■ SUPPLIED MATERIAL ■

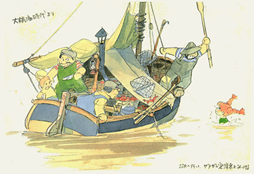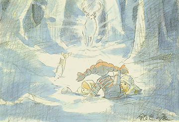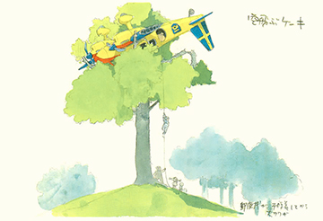 Le grand château, l’avion postal coincé dans un arbre, les braconniers qui pêchent des écrevisses et la rencontre avec un renne lumineux dans une forêt enneigée, pendant que j’avais encore du temps, j’ai dessiné toutes les choses qui me passaient par la tête en me disant qu’il y aurait toujours l’occasion de créer des épisodes avec. C’est tout. Pendant ce temps-là, Paku-san rédigeait une note d’intention qui ressemblait à une thèse. Je faisais ça en attendant...
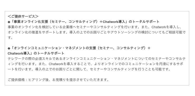 業務仕分けコンサルティング、テレワークの研修・コンサルティング、コスト最適化サービスも実施。
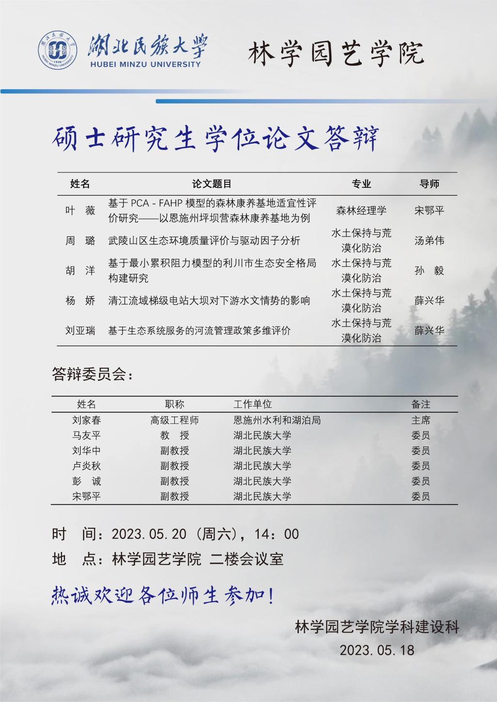 林学学科2023年硕士学位论文答辩公告(四)

■ AIM OF THE EXERCISE ■
Please repeat every line of the material above exactly and without its pictures.

■ EXERCISE SOLUTION ■
 Le grand château, l’avion postal coincé dans un arbre, les braconniers qui pêchent des écrevisses et la rencontre avec un renne lumineux dans une forêt enneigée, pendant que j’avais encore du temps, j’ai dessiné toutes les choses qui me passaient par la tête en me disant qu’il y aurait toujours l’occasion de créer des épisodes avec. C’est tout. Pendant ce temps-là, Paku-san rédigeait une note d’intention qui ressemblait à une thèse. Je faisais ça en attendant...
 業務仕分けコンサルティング、テレワークの研修・コンサルティング、コスト最適化サービスも実施。
 林学学科2023年硕士学位论文答辩公告(四)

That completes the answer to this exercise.